For example, a simple schema for chemistry would be that different chemicals are formed from different configurations of the sub-atomic ‘particles’ that make up atoms and configurations of atoms that form molecules. Thousands of facts can be fitted into that schema. In order to have a good understanding of chemistry, students would need to know about schemata other than just that simple one, and would need to know thousands of facts about chemistry before they would qualify as experts, but the simple schema plus a few examples would give them a basic understanding of what chemistry was about.

experts’ schemata Research into expertise (e.g. Chi et al, 1981) shows that experts don’t usually have one single schema for all the facts they know, but instead use different schemata for different aspects of their body of knowledge. Sometimes those schemata are explicitly linked, but sometimes they’re not. Sometimes they can’t be linked because no one knows how the linkage works yet.

chess experts

Daisy refers to research showing that expert chess players memorise thousands of different configurations of chess pieces (p.78).
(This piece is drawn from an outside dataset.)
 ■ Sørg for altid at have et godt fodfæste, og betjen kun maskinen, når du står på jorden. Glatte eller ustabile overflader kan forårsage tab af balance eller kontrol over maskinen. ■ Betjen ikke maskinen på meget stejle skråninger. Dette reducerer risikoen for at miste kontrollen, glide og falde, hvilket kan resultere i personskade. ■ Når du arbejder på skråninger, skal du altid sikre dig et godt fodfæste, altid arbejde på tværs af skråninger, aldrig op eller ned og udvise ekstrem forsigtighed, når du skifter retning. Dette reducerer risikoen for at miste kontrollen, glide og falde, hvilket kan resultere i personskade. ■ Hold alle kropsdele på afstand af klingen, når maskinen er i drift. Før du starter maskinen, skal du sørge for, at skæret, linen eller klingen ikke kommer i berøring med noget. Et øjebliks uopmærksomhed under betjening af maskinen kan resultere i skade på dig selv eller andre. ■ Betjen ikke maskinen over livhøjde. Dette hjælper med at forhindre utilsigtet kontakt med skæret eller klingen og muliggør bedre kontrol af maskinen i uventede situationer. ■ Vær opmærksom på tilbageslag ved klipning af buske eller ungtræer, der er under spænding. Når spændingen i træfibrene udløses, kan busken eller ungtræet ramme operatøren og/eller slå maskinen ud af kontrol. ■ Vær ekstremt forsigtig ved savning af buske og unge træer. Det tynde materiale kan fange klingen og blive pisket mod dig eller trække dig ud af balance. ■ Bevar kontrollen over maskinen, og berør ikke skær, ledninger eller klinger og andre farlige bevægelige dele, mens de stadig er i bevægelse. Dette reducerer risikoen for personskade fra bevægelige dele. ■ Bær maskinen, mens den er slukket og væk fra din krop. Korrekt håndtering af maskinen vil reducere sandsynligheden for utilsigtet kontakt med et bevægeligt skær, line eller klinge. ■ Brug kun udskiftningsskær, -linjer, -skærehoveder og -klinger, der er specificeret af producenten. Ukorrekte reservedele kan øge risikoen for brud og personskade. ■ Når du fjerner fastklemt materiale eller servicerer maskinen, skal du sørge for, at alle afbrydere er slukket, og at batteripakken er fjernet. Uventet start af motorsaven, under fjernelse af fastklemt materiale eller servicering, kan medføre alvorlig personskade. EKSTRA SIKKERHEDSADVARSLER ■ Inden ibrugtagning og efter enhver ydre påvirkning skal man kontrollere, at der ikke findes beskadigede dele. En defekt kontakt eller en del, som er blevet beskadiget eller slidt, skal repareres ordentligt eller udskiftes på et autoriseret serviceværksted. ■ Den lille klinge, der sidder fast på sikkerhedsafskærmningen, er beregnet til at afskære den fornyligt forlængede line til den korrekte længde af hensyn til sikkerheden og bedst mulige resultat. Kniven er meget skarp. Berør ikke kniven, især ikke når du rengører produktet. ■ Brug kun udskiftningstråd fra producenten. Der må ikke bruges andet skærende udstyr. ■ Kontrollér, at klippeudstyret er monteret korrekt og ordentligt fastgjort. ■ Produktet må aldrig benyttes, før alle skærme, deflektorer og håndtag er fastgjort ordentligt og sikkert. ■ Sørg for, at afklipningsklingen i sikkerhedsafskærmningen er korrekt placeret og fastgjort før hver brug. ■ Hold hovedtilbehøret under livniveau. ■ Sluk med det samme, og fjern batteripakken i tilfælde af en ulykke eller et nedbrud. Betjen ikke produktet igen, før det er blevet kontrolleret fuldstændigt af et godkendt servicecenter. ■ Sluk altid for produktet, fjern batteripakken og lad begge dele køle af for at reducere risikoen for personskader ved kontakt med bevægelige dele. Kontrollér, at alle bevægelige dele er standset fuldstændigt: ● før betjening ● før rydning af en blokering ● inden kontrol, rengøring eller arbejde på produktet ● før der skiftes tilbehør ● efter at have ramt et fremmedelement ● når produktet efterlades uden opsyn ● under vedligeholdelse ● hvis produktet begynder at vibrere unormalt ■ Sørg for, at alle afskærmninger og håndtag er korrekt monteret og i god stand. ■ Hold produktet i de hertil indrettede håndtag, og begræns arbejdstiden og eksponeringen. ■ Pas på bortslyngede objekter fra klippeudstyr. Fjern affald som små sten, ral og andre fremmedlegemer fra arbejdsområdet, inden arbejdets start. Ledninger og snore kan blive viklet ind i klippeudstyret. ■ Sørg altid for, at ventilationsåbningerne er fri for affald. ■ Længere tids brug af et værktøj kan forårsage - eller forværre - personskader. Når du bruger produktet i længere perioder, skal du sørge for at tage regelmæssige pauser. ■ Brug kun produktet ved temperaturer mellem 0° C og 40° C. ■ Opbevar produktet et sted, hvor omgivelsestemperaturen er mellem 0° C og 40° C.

This is classic chunking; although in different chess sets specific pieces vary in appearance, their core visual features and the moves they can make are highly consistent, so frequently-encountered configurations of pieces are eventually treated by the brain as single units – the brain chunks the positions of the chess pieces in essentially the same way as it chunks letters into words.
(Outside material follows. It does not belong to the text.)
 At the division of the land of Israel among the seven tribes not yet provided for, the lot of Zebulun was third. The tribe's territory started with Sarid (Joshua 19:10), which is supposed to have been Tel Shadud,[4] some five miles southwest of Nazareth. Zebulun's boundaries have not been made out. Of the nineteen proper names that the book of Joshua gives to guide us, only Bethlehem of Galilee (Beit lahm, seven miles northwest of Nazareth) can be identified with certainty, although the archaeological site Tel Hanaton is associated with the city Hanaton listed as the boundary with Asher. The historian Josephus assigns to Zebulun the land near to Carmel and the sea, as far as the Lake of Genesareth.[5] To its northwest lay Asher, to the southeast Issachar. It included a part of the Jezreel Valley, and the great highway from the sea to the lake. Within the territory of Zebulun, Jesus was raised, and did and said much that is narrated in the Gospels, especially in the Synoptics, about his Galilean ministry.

De Groot’s work showed that chess experts initially identified the configurations of pieces that were possible as a next move, and then went through a process of eliminating the possibilities. The particular configuration of pieces on the board would activate several associated schemata involving possible next and subsequent moves.

So, each of the different configurations of chess pieces that are encountered so frequently they are chunked, has an underlying (simple) schema. Expert chess players then access more complex schemata for next and subsequent possible moves. Even if they have an underlying schema for chess as a whole, it doesn’t follow that they treat chess as a single unit or that they recall all possible configurations at once. Most people can reliably recognise thousands of faces and thousands of words and have schemata for organising them, but when thinking about faces or words, they don’t recall all faces or all words simultaneously. That would rapidly overload working memory.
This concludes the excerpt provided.